The LD50 and LD25 values were determined by
using GraphPad Prism 6. After interpolation of a sigmoidal standard
curve, the LD50 and LD25 values accounted for
50 or 75% of viability, respectively. If even the highest tested concentration
of a compound did not reduce cell viability to 75%, the LD25 was reported as higher than the highest tested concentration. The
values are given as the mean with SD of at least three independent
experiments.
Molecular modeling
All calculations
were performed
with Maestro and included applications of the Schrödinger release
2020-4 (Maestro, Schrödinger, LLC, New York, NY, 2021). Desmond
v6.4 with CUDA support was used for all molecular dynamics simulations.[51]
Structure Preparation
The cryo-EM
structure of the
homotetrameric KV7.2 potassium channel with retigabine
(2) (RCSB PDB 7CR2)[50] was prepared by the
Protein Preparation Wizard.[52] Missing side
chains and loops were replaced by Prime,[53,54] followed by a restraint minimization to a heavy atom root-mean-square
deviation value of 0.3 Å using OPLS3e force field parameters.[55] Both chains B and C were rebuilt to the corresponding
KV7.3 sequence by homology modeling (energy-based) within
the Multiple Sequence Viewer application to obtain the heterotetrameric
KV7.2/3 structure.
Molecular Docking
The box center and size for grid
generation were estimated by the bound retigabine (2)
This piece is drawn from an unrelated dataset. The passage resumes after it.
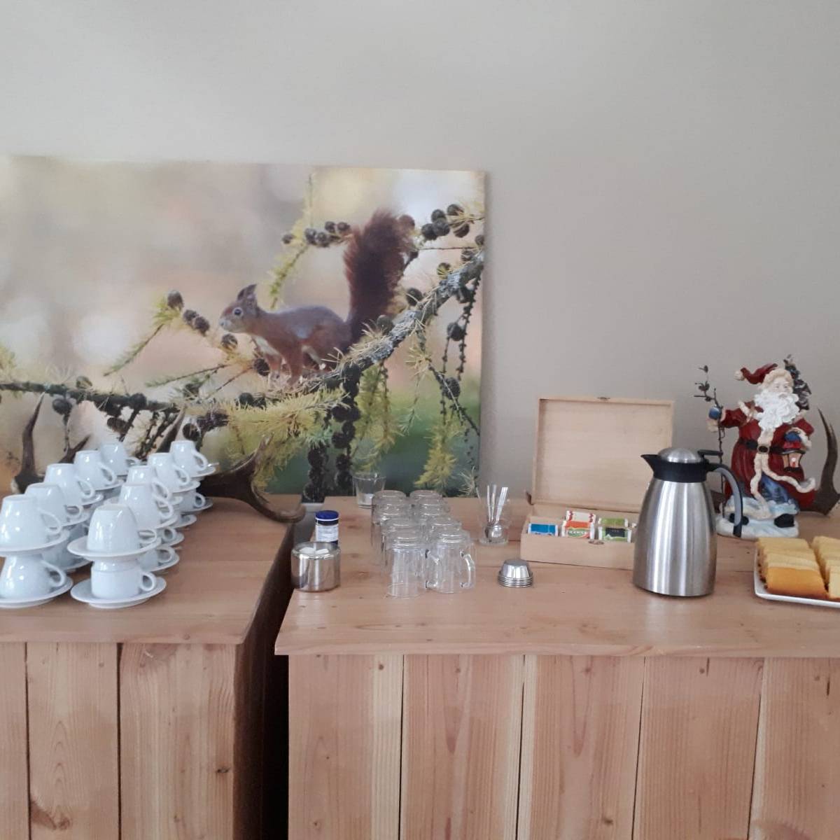 Na afloop van de wandeling staat er koffie en thee klaar met cake in het bezoekerscentrum. Het wandelgroepje is niet zo groot, maar 27 man/vrouw komen koffie drinken en het bezoekerscentrum bekijken. Er worden nog wat leukigheidjes aangeschaft. Daarnaast is er een expositie over de Wolf. Ook op de Veluwe is de wolf gespot en het is een leerzame excursie.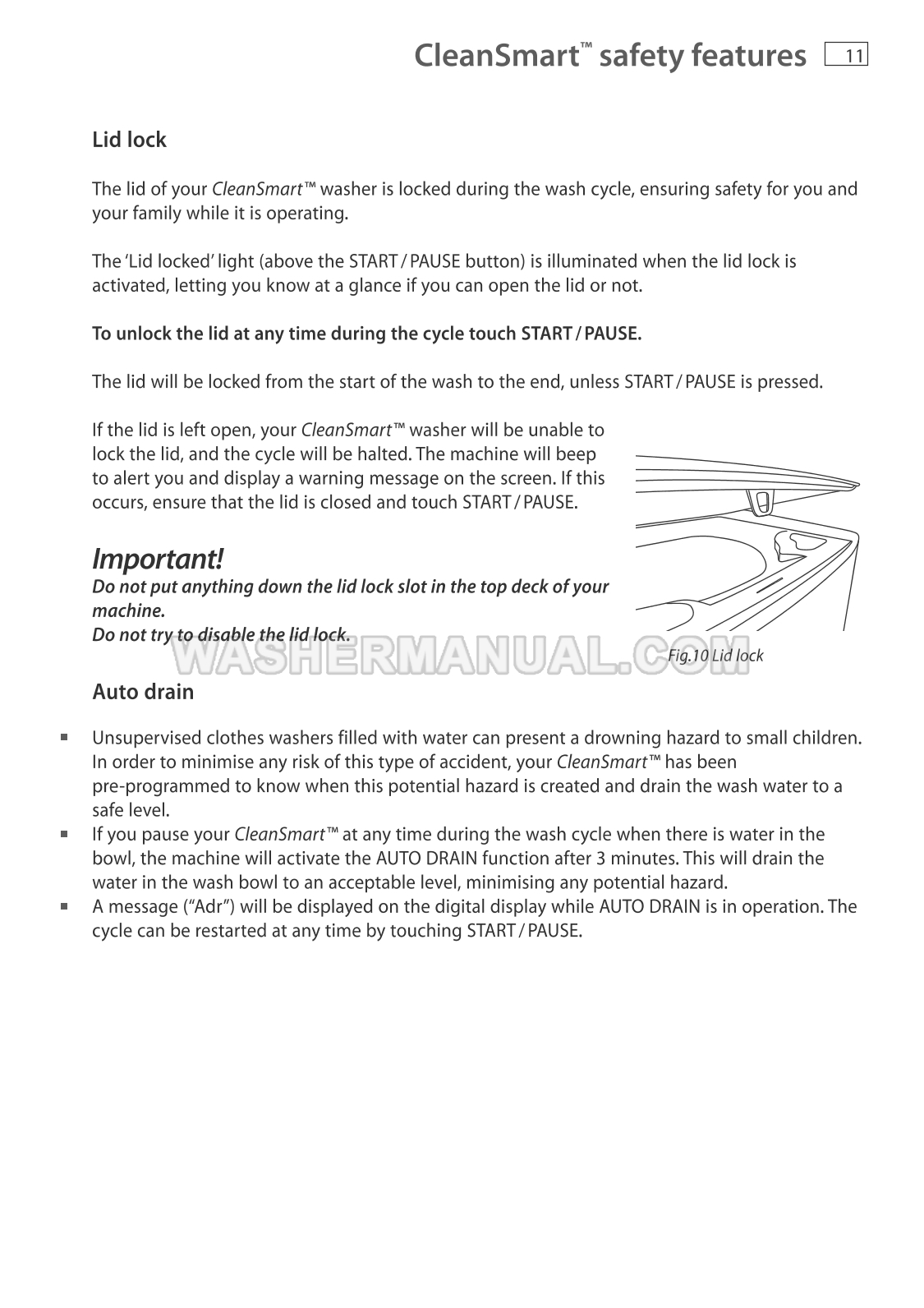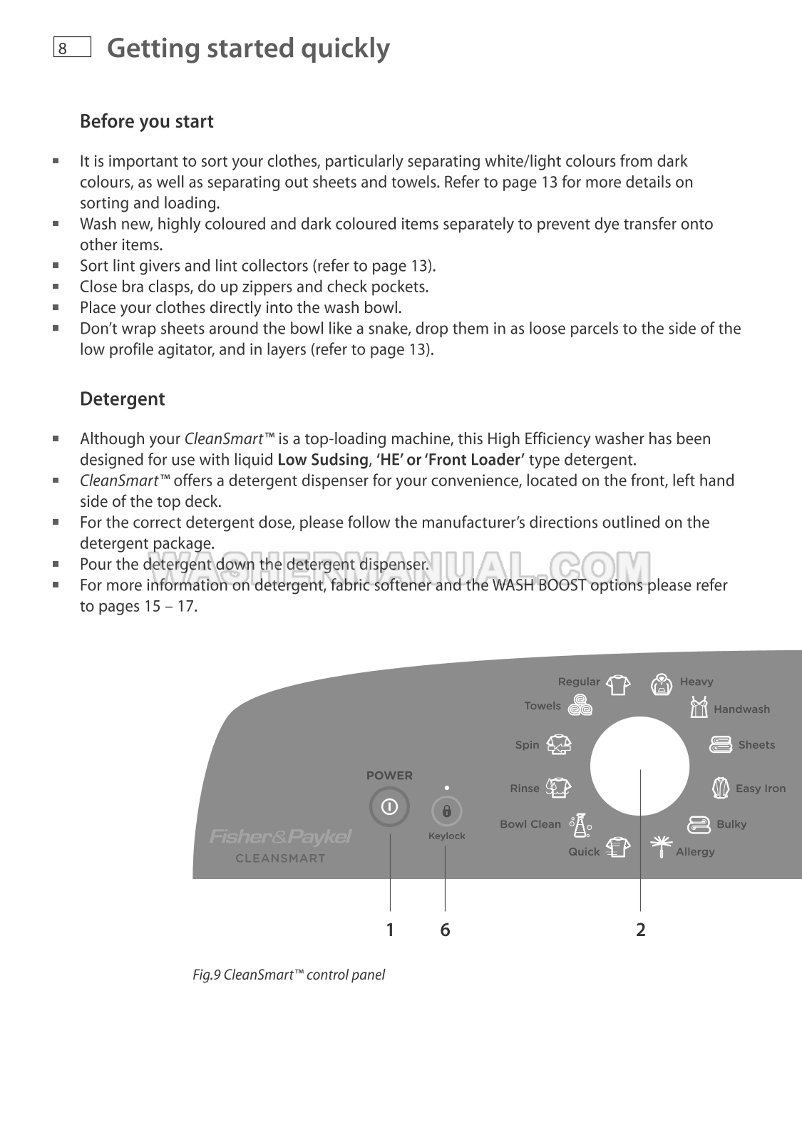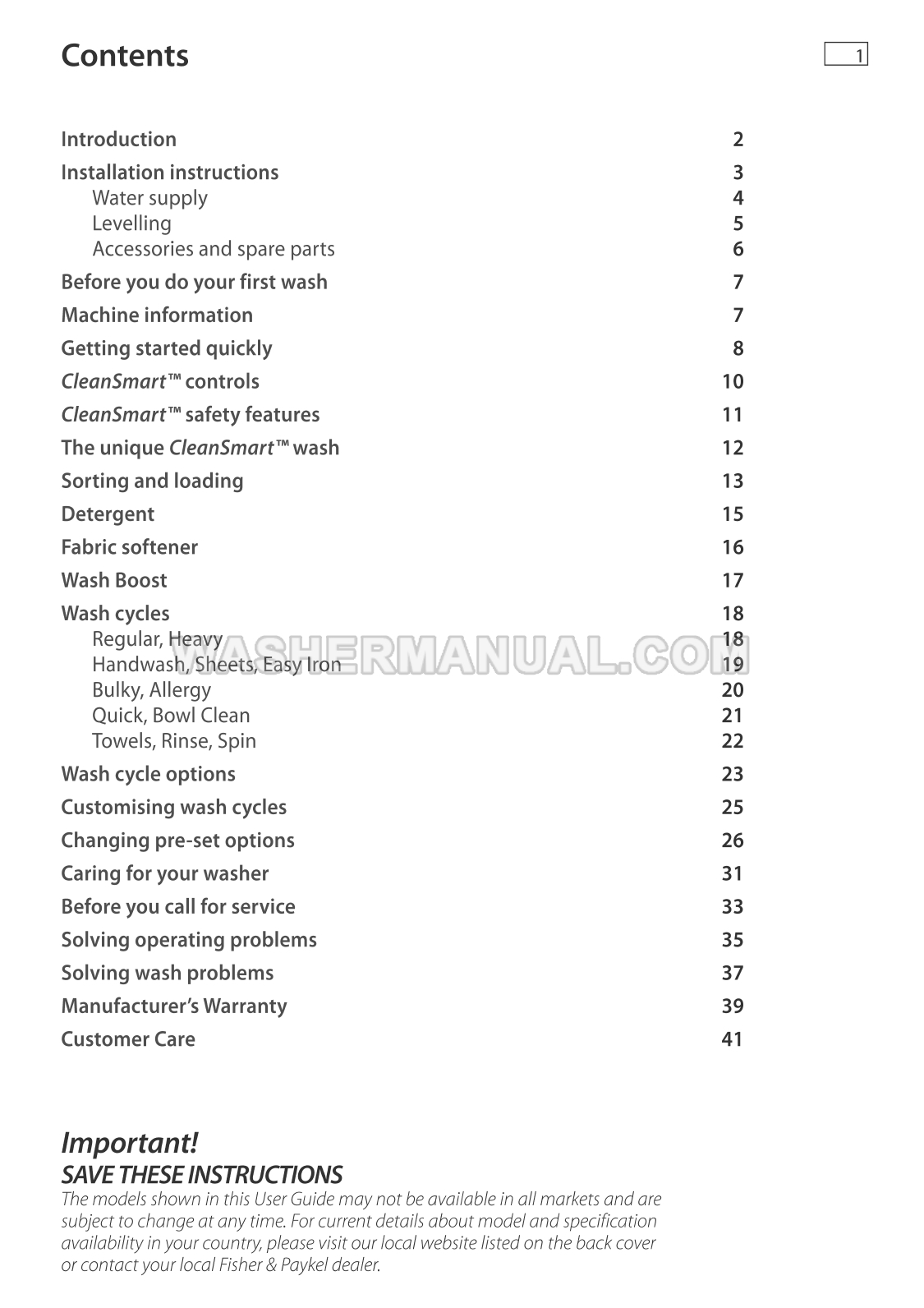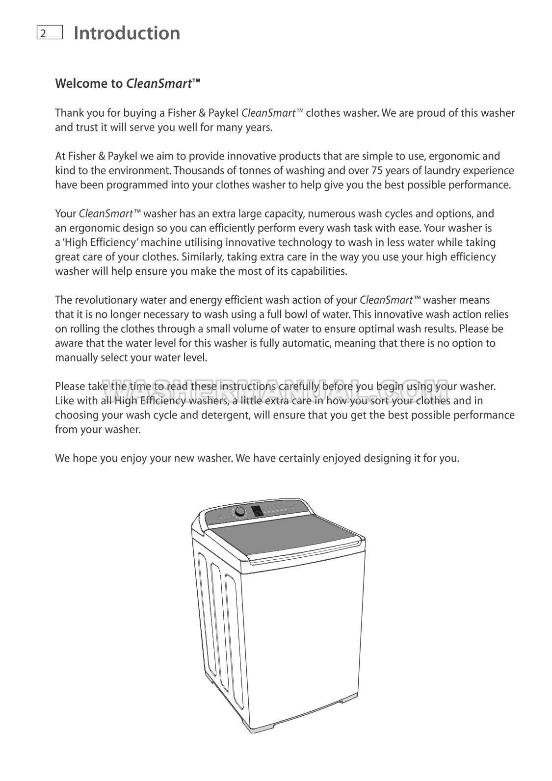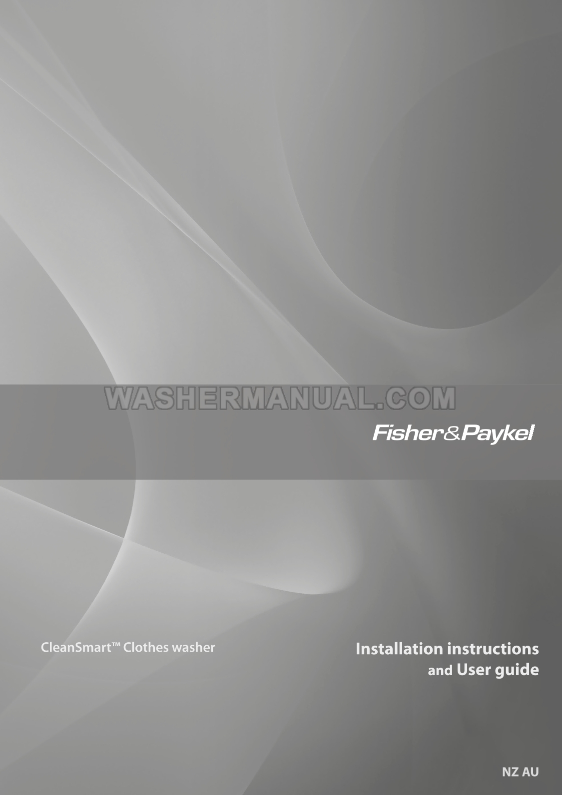 Installation instructions and user guide for Fisher & Paykel WL1068P1 CleanSmart water-efficient top-loading washer with 10kg capacity and 1100 RPM spin speed, featuring dual washing modes, auto water level, load sensing and stainless steel bowl ideal for larger families laundry machine on 44 pages.

of the previously generated homology model. Glide[56] molecular docking calculations of 28b and 36b were performed using an induced fit approach with an extended
sampling protocol. In total, 80 protein models with optimized side
chains were generated, while an implicit membrane was placed on the
transmembrane helices. No further constraints were applied, and the
results were visually inspected.
T-REMD Simulation
Compounds 26b and 36b were solvated in
a cubic box of TIP3P water[57] with a buffer
of 1 nm to the solute. A temperature
replica-exchange molecular dynamics simulation[58] was performed for each molecule by using eight replicas
on a quadratically distributed temperature range between 310 and 350
K. Prior to the replica-exchange simulations, each system was minimized
for 100 ps, and the standard relaxation protocol was performed to
equilibrate them to the desired baseline temperature and pressure.
Exchange attempts were performed every 1.2 ps, and snapshots were
written in 5 ps intervals. In total, 10,000 structures were obtained
for each compound after a 50 ns simulation time in the NVT ensemble. The time step was set to 2 fs, and the temperature was
maintained using a Nosé–Hoover thermostat.[59] Long-range electrostatics are described by the
particle mesh Ewald method, while the short-range interaction cutoffs
were set to 1 nm with a 0.1 nm switching function.